Public rallies and speeches are forbidden in Iran Thursday, and voting will begin Friday morning.
Iranian President Mahmoud Ahmadinejad’s final campaign message Wednesday strongly denounced his challengers and confidently asserted he will win re-election. Mr. Ahmadinejad said Iran’s economy continues to grow under his supervision, although he admitted inflation is still a problem.
Iranian television offered the president and his three main opponents an opportunity to answer each other’s criticisms. The state-run network said only Mr. Ahmadinejad took up the offer.
The president’s chief rival, former prime minister Mir Hossein Mousavi, a reformist, has said the president’s confident economic forecast is a lie, and he also has denounced Mr. Ahmadinejad’s contention that the Holocaust is a myth.
Thousands of Mr. Mousavi’s supporters wore his campaign’s trademark color, green, and marched through the streets of Tehran as formal campaigning ended at midnight.

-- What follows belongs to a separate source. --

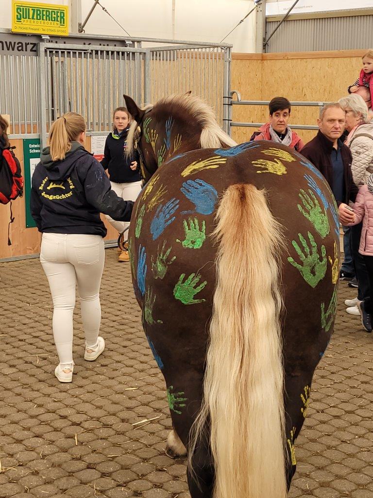 Auf dem Landwirtschaftlichen Hauptfest auf dem Cannstatter Wasen waren wir an 3 Tagen im Einsatz. Wir stellten Kindern Fragen Rund ums Pferd und wer diese richtig beantwortete, durfte einen Handabdruck auf das Pferd machen.
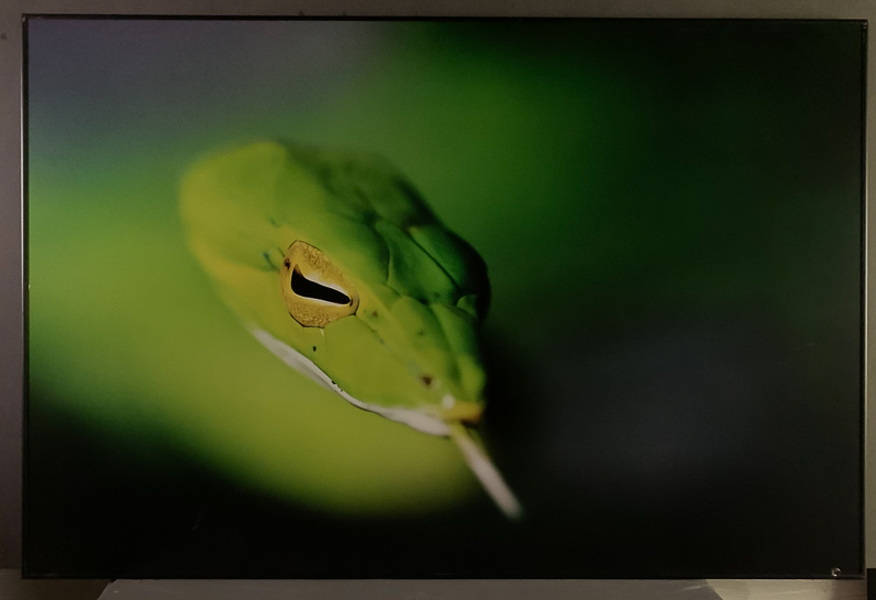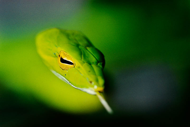 The elegant green whip snake. Horizontal slit irises signify its reptilian ancestry and it is venomous but the venom is not strong enough to cause harm to humans

A top official of Iran’s Revolutionary Guard (Yadollah Javani) accused Mr. Mousavi’s supporters of trying to inspire a “velvet revolution” – the term used to describe the non-violent ouster of Czechoslovakia’s Communist government in 1989.
Mr. Mousavi, who was prime minister during the 1980s, made a campaign visit Wednesday to Lorestan province. Iran’s Mehr news agency quoted him as telling supporters that a nation as rich in resources as Iran should not have to live in poverty.
At a rally in Tehran earlier Wednesday, Mr. Ahmadinejad said his opponents were using smear tactics reminiscent of Nazi dictator Adolf Hitler.
Another candidate, former President Akbar Hashemi Rafsanjani, complained about Mr. Ahmadinejad’s accusation that the Rafsanjani family is involved in corruption.
Reformist cleric Mehdi Karroubi and conservative former Revolutionary Guards commander Mohsen Rezaei also are challenging Mr. Ahmadinejad’s re-election bid.